§ Data items:
== Segment start ==

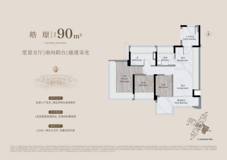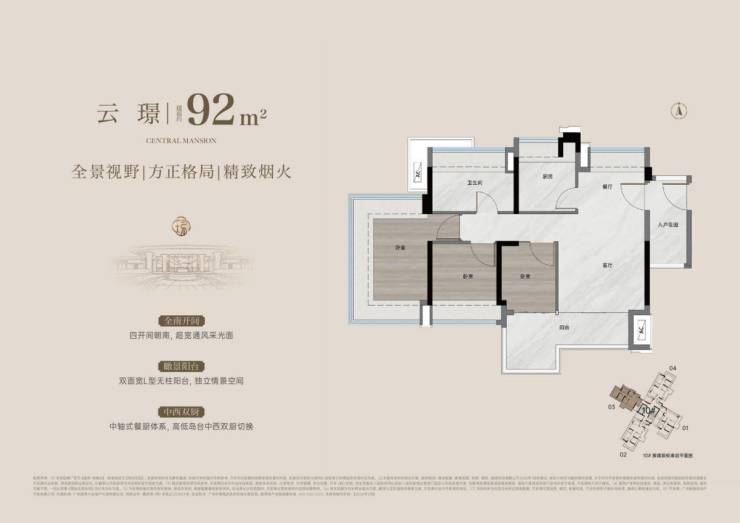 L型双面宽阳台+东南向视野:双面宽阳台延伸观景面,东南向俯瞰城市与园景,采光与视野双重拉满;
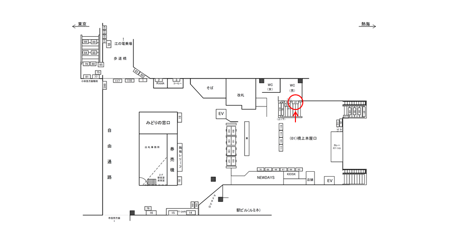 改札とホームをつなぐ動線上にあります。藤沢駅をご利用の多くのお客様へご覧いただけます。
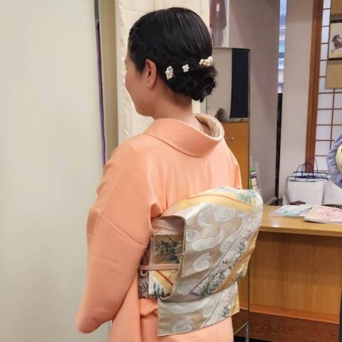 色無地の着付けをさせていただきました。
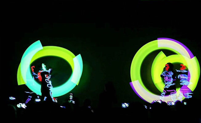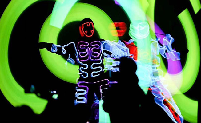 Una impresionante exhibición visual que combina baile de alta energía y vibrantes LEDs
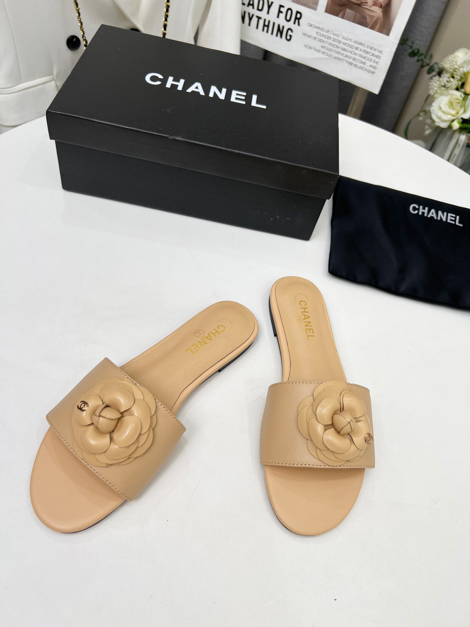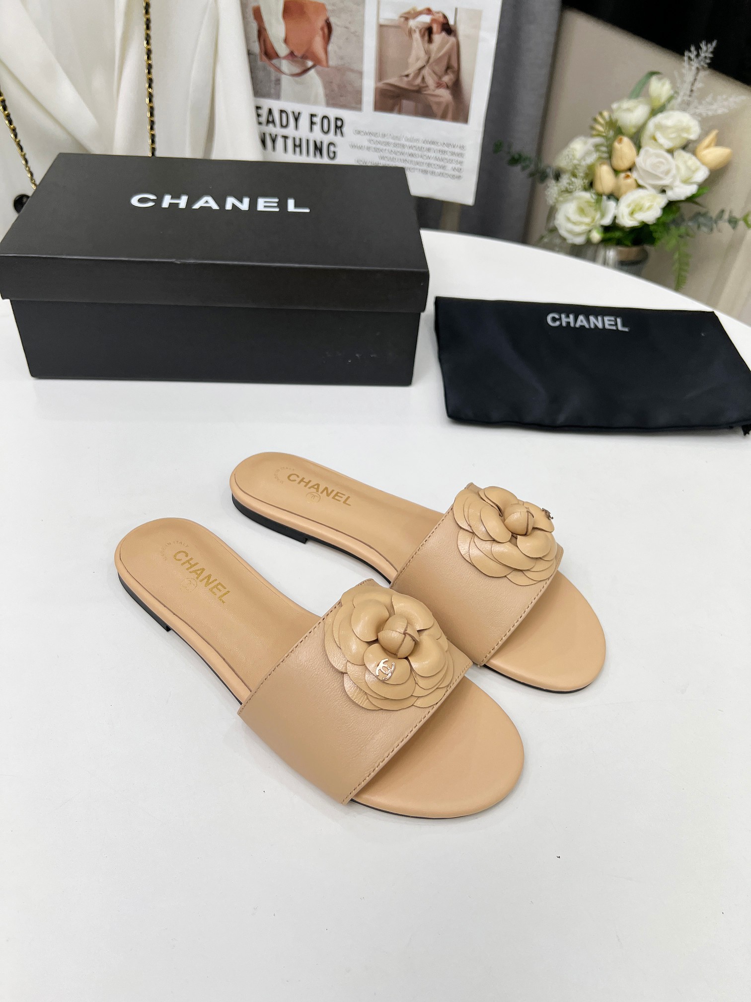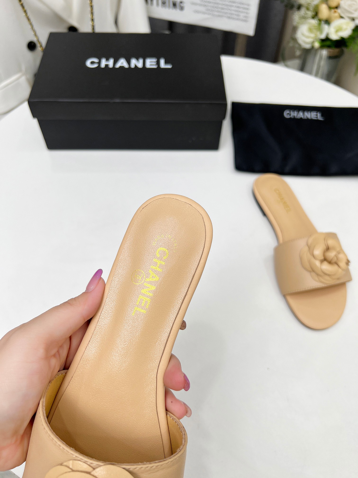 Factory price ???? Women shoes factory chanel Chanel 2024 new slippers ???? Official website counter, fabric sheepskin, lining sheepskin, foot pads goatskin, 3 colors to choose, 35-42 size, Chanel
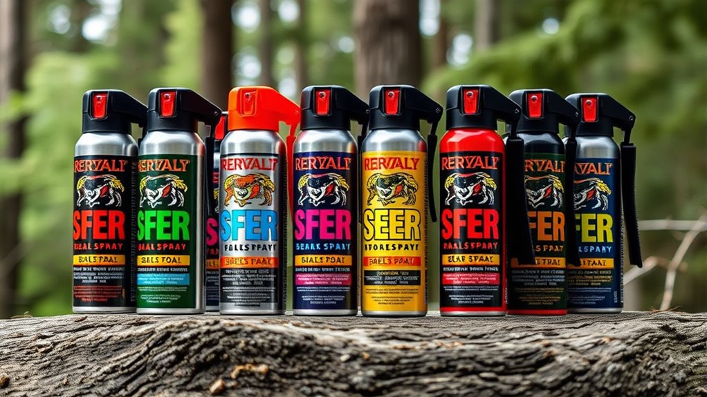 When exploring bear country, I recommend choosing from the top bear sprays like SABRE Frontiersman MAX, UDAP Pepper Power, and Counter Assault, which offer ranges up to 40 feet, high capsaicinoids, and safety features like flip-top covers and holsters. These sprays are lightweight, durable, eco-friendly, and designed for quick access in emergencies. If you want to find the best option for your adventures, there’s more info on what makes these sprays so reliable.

== Segment end ==

§ Work to complete: Write back word for word every line in the entries above from the one with "Una impresionante exhibición" to the one with "Factory price ????", ends included, and none of the pictures.

§ Exercise solution:
 Una impresionante exhibición visual que combina baile de alta energía y vibrantes LEDs
 Factory price ???? Women shoes factory chanel Chanel 2024 new slippers ???? Official website counter, fabric sheepskin, lining sheepskin, foot pads goatskin, 3 colors to choose, 35-42 size, Chanel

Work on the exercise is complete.